*** Records to process ***
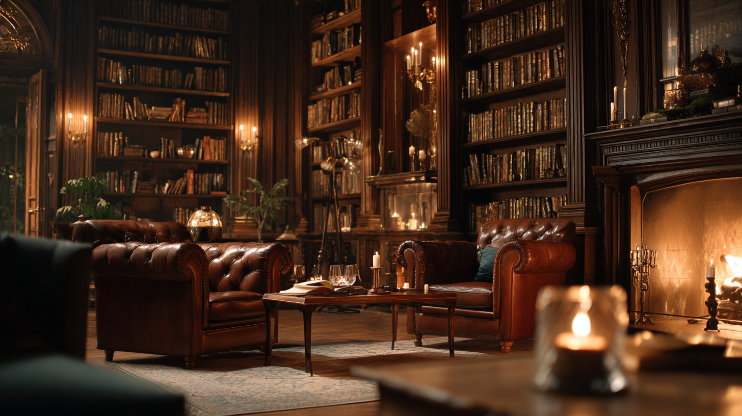 A room of deep mahogany and low light, where the scent of leather armchairs, tobacco leaves, and aged oak hangs in the air. Subtle traces of citrus, spice, and amber weave through, giving a sense of intellect and mystery.
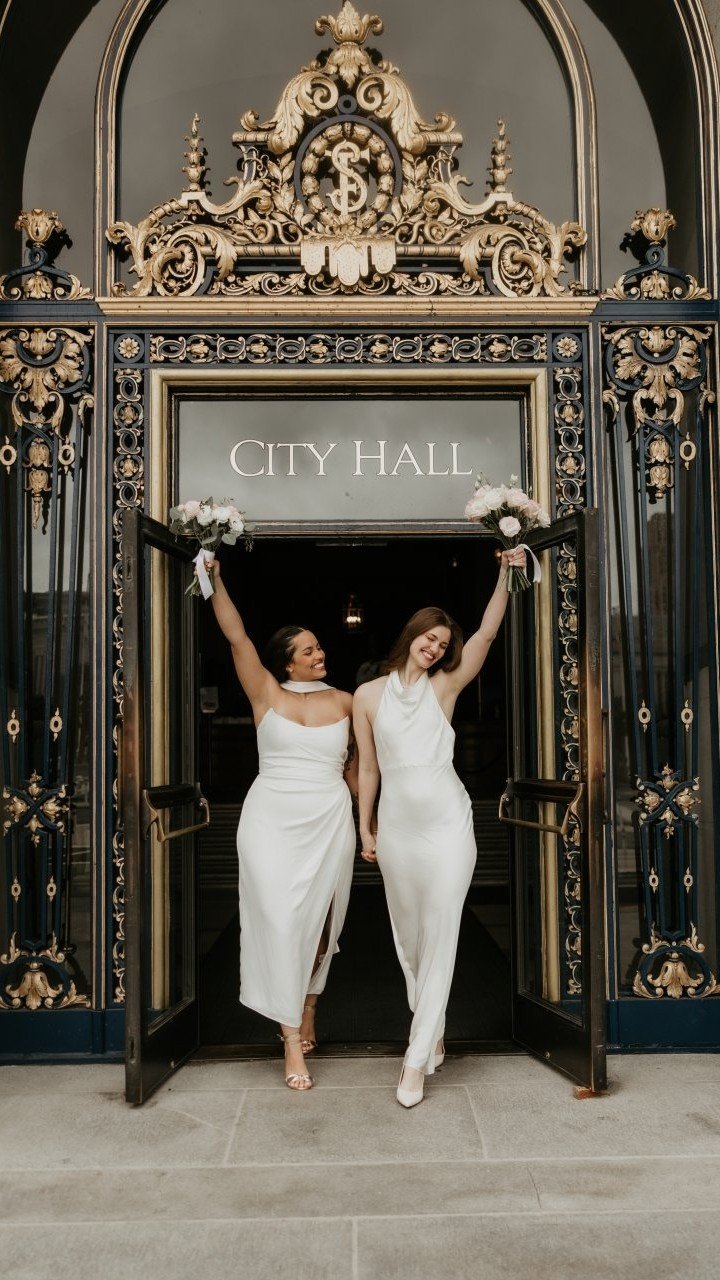 Pouco mais de um ano depois, as duas realizaram uma cerimônia civil íntima em San Francisco, Califórnia, ao lado da família mais próxima, para oficializar o casamento. Mesmo ainda sonhando com a grande celebração no Rio de Janeiro no ano seguinte, as mudanças no cenário político e a redução das proteções à comunidade LGBTQ+ fizeram com que Alicia e Juliana decidissem se casar antes do planejado. No dia 17 de abril de 2025, elas viveram uma cerimônia linda, cheia de amor, paz e alegria, cercadas pelos pais e irmãos — exatamente um ano antes da data do casamento que imaginaram.
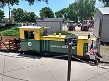 The CCRA runs the railroad with a replica diesel switcher, Engine No. 1. It is painted in a green-and-yellow livery.[4] Two Narragansett-style excursion cars and one gondola car are used for carrying passengers.
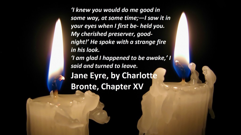 Shortly after the peculiar events, Jane investigates and finds Mr Rochester’s bed is on fire. This event marks a major turning point in their relationship. They share a secret (he is adamant no-one should know what happened, although the servants will undoubtedly see the evidence the following day). He realises he is indebted to Jane and confirms his attraction to her by his physical contact (he won’t let go of her hand) and grateful words and gestures.
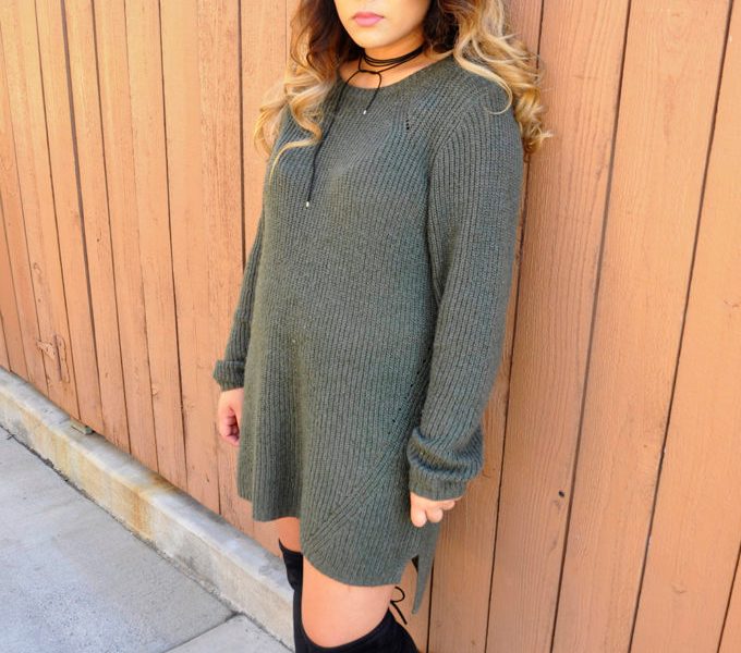 Oversized sweaters that can turn into sweater dresses are my go-to for comfort and style when I want to dress up but need a quick outfit. The overall theme of my outfit is long so I tried to stay consistent with pairing this oversized sweater with thigh high boots. These have been a recent trend lately and I am absolutely loving it! Thigh high boots go well with many outfits and they are definitely bold and fashionable.
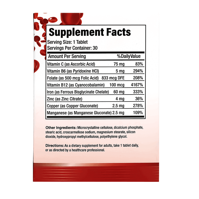 الحديد، حمض الفوليك، فيتامين سي، مجموعة فيتامينات ب، الزنك
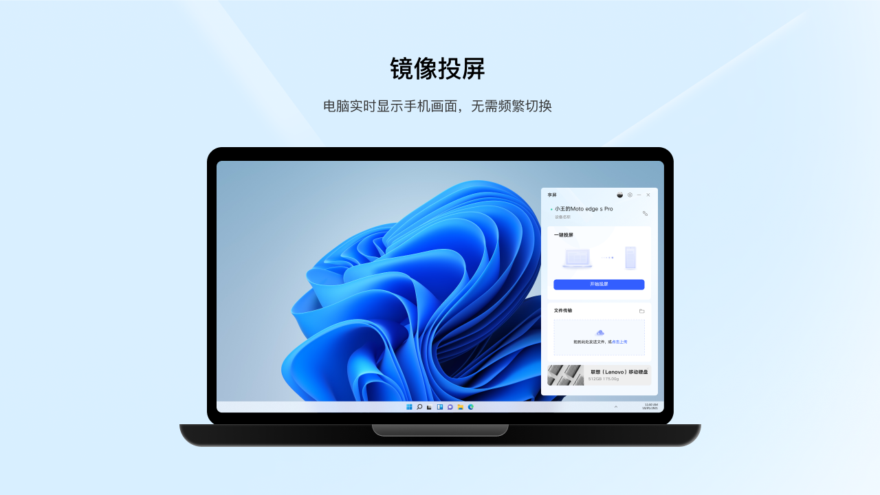 可将手机屏幕实时镜像至电脑,支持看直播、刷短视频、播放 PPT 等,适配横竖屏切换,电脑端无需额外下载应用。
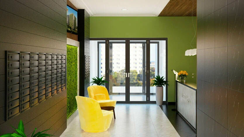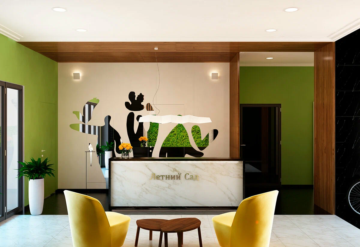 В каждой секции запроектированы дизайнерские лобби, консьерж-сервисом 24/7, колясочными, комнатами для матери и ребёнка и гостевыми санузлами.
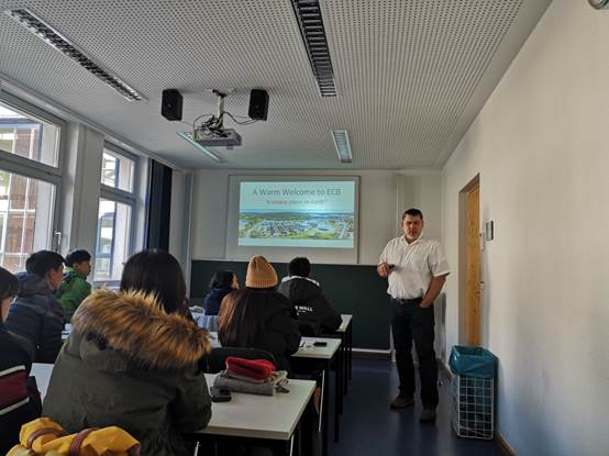 德国时间1月21日上午,特里尔应用科技大学Michael Knaus教授为同学们介绍了接下来将在特里尔应用科技大学学习的课程。同学们将在为期两周的冬令营学习关于零排放科技、可持续资源管理、工程原理、污水管理、德语课等。此外,同学们还将到企业参观,如德国KSB集团,感受德国企业的魅力。
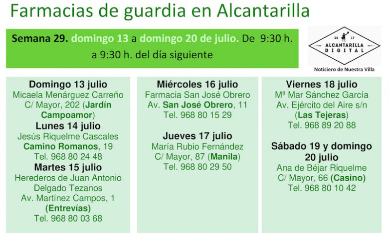 Farmacias de guardia en Alcantarilla del domingo 13 al domingo 20 de julio de 2025. De 9:30 h. a 9:30 h. del día siguiente.
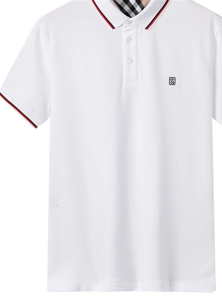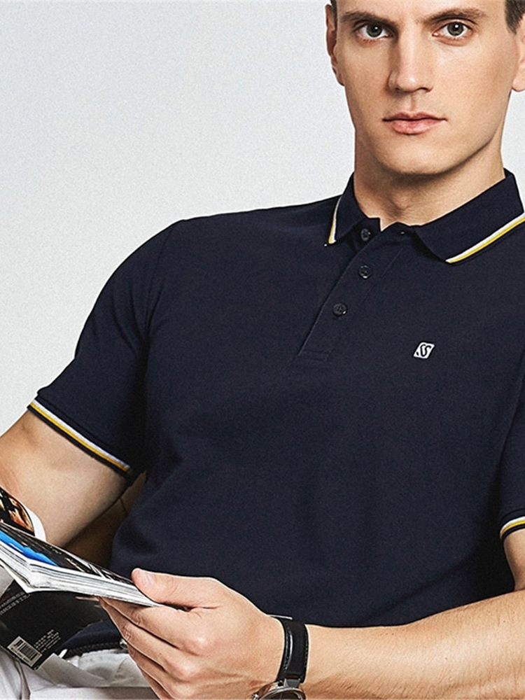 男士短袖T恤简约韩范,整体以白色为主,辅以深蓝色边缘,诠释出层次美感,时尚又大方,圆领与袖口一脉相承,成功衬托男士的优雅弧度,美观不失细腻,修身版型做工,更是诠释出完美男士的风姿魅力。
***
- _What is expected_:
Leaving pictures aside, give again word for word each line from the one with "В каждой секции" to the final line of the entries.

- _Solved problem_:
 В каждой секции запроектированы дизайнерские лобби, консьерж-сервисом 24/7, колясочными, комнатами для матери и ребёнка и гостевыми санузлами.
 德国时间1月21日上午,特里尔应用科技大学Michael Knaus教授为同学们介绍了接下来将在特里尔应用科技大学学习的课程。同学们将在为期两周的冬令营学习关于零排放科技、可持续资源管理、工程原理、污水管理、德语课等。此外,同学们还将到企业参观,如德国KSB集团,感受德国企业的魅力。
 Farmacias de guardia en Alcantarilla del domingo 13 al domingo 20 de julio de 2025. De 9:30 h. a 9:30 h. del día siguiente.
 男士短袖T恤简约韩范,整体以白色为主,辅以深蓝色边缘,诠释出层次美感,时尚又大方,圆领与袖口一脉相承,成功衬托男士的优雅弧度,美观不失细腻,修身版型做工,更是诠释出完美男士的风姿魅力。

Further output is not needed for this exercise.